§ What to do:
Copy each line below as written, but skip the pictures.

§ Source data:
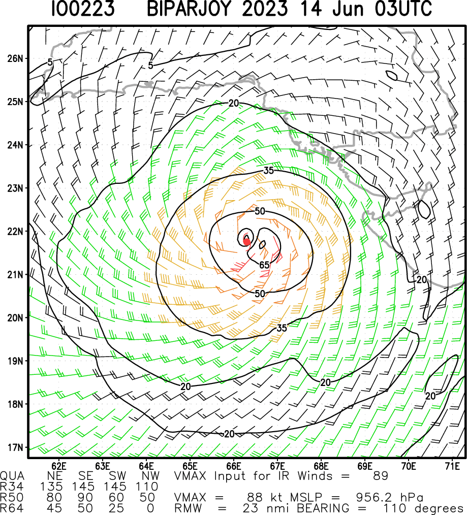 NORTH INDIAN/ARABIAN SEA: TC 02A(BIPARJOY). ESTIMATED LOCATION AND INTENSITY AT 140000UTC. CATEGORY 2 US.
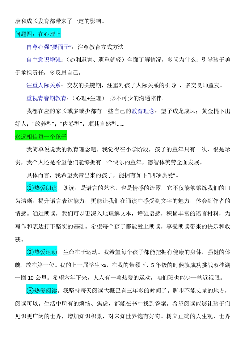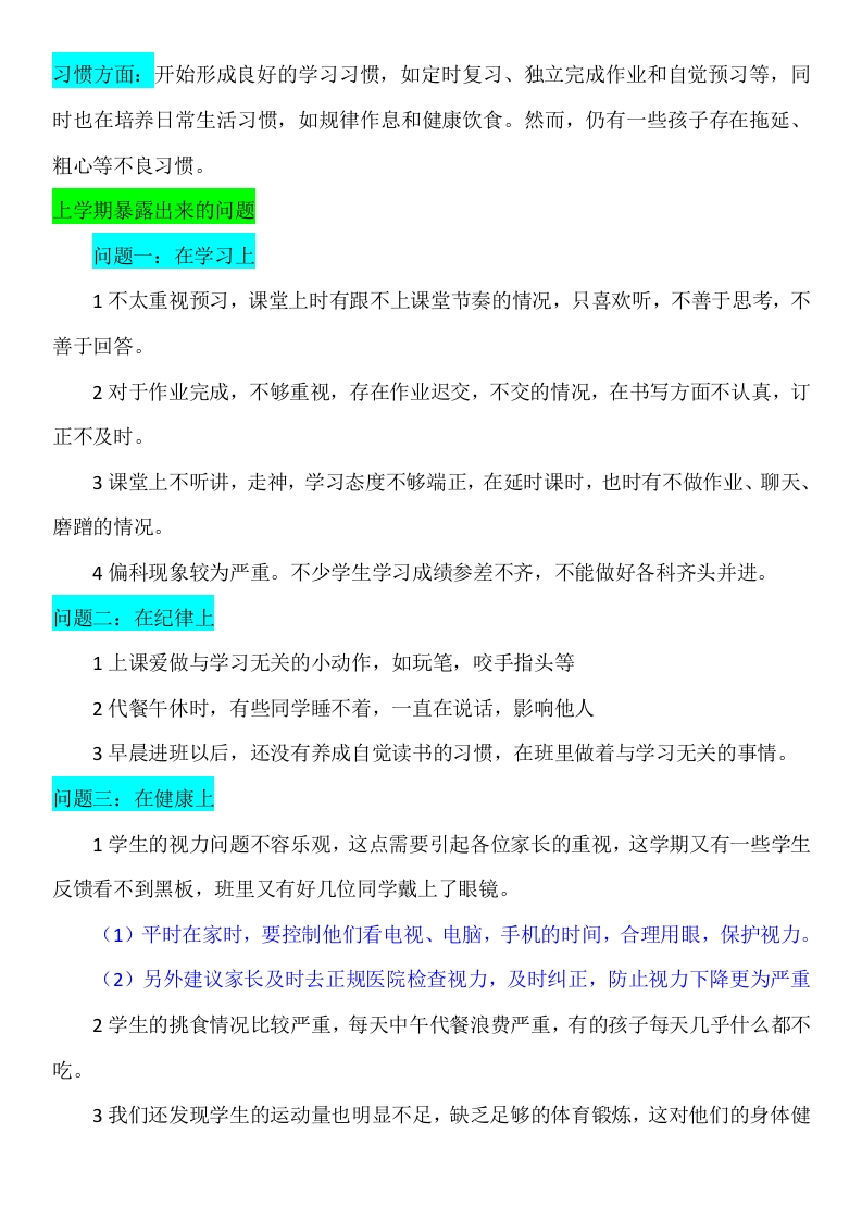 【四上】【英语】【浸润成长,承载未来】开学家长会发言稿目录:1班级情况介绍2英语学习内容3英语学习方法4用爱承载未来班级情况介绍回顾暑假生活家长如何帮助孩子收心?(总结、调整、谈心、计划和准备)首先,孩子在暑假生活和学习状况和孩子们进行总结。然后,调整好孩子的作息时间和饮食生活习惯。接着,和孩子谈谈心,了解孩子对新学期的打算。最后,制定新学期计划和准备好学具。让孩子尽快转换角色,从暑假收心,适应学校生活。认识我们的孩子我们的孩子我们班男生22人女生19人,全班共计41位同学。我们班的状况学习情况:他们已掌握了一定的学科基础知识,思维能力也在提升。部分学生感到压力增大。同时,学习态度、习惯以及自主学习能力也在逐步培养中,同伴关系和社交环境对学习产生着显著影响。行为方面:展现出更多的独立性和责任感,能够自觉遵守规则并积极参与集体活动。然而,仍有部分孩子在自我控制和情绪管理方面需要提升。此外,同伴关系对他们的影响逐渐增强,良好的社交技能变得愈发重要。
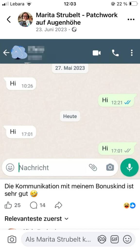 Ich weiß, dass es sich manchmal blöd anfühlt, immer diejenige sein zu müssen, die den ersten Schritt geht. Vor allem, wenn man sich schon mehrmals die Nase blutig gehauen hat, weil man eine patzige oder schlicht gar keine Antwort bekommt. Gerade hier hilft das Wissen, dass dein Bonuskind die beste Strategie wählt, die ihm oder ihr in dem Augenblick zur Verfügung steht. Wenn sie eine bessere hätte, würde sie die nehmen!
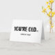 O cartão diz, "VOCÊ É VELHO(er)", mas o "er" está entre parênteses e é muito pequeno quando comparado com as outras letras. À primeira vista parece que diz, "VOCÊ É VELHO". Por baixo disso também se diz "feliz aniversário" em letras pequenas. Use esta carta engraçada para irritar alguém no seu aniversário! Perfeito para amigos, parceiros, pais e colegas!

§ Output for this exercise:
 NORTH INDIAN/ARABIAN SEA: TC 02A(BIPARJOY). ESTIMATED LOCATION AND INTENSITY AT 140000UTC. CATEGORY 2 US.
 【四上】【英语】【浸润成长,承载未来】开学家长会发言稿目录:1班级情况介绍2英语学习内容3英语学习方法4用爱承载未来班级情况介绍回顾暑假生活家长如何帮助孩子收心?(总结、调整、谈心、计划和准备)首先,孩子在暑假生活和学习状况和孩子们进行总结。然后,调整好孩子的作息时间和饮食生活习惯。接着,和孩子谈谈心,了解孩子对新学期的打算。最后,制定新学期计划和准备好学具。让孩子尽快转换角色,从暑假收心,适应学校生活。认识我们的孩子我们的孩子我们班男生22人女生19人,全班共计41位同学。我们班的状况学习情况:他们已掌握了一定的学科基础知识,思维能力也在提升。部分学生感到压力增大。同时,学习态度、习惯以及自主学习能力也在逐步培养中,同伴关系和社交环境对学习产生着显著影响。行为方面:展现出更多的独立性和责任感,能够自觉遵守规则并积极参与集体活动。然而,仍有部分孩子在自我控制和情绪管理方面需要提升。此外,同伴关系对他们的影响逐渐增强,良好的社交技能变得愈发重要。
 Ich weiß, dass es sich manchmal blöd anfühlt, immer diejenige sein zu müssen, die den ersten Schritt geht. Vor allem, wenn man sich schon mehrmals die Nase blutig gehauen hat, weil man eine patzige oder schlicht gar keine Antwort bekommt. Gerade hier hilft das Wissen, dass dein Bonuskind die beste Strategie wählt, die ihm oder ihr in dem Augenblick zur Verfügung steht. Wenn sie eine bessere hätte, würde sie die nehmen!
 O cartão diz, "VOCÊ É VELHO(er)", mas o "er" está entre parênteses e é muito pequeno quando comparado com as outras letras. À primeira vista parece que diz, "VOCÊ É VELHO". Por baixo disso também se diz "feliz aniversário" em letras pequenas. Use esta carta engraçada para irritar alguém no seu aniversário! Perfeito para amigos, parceiros, pais e colegas!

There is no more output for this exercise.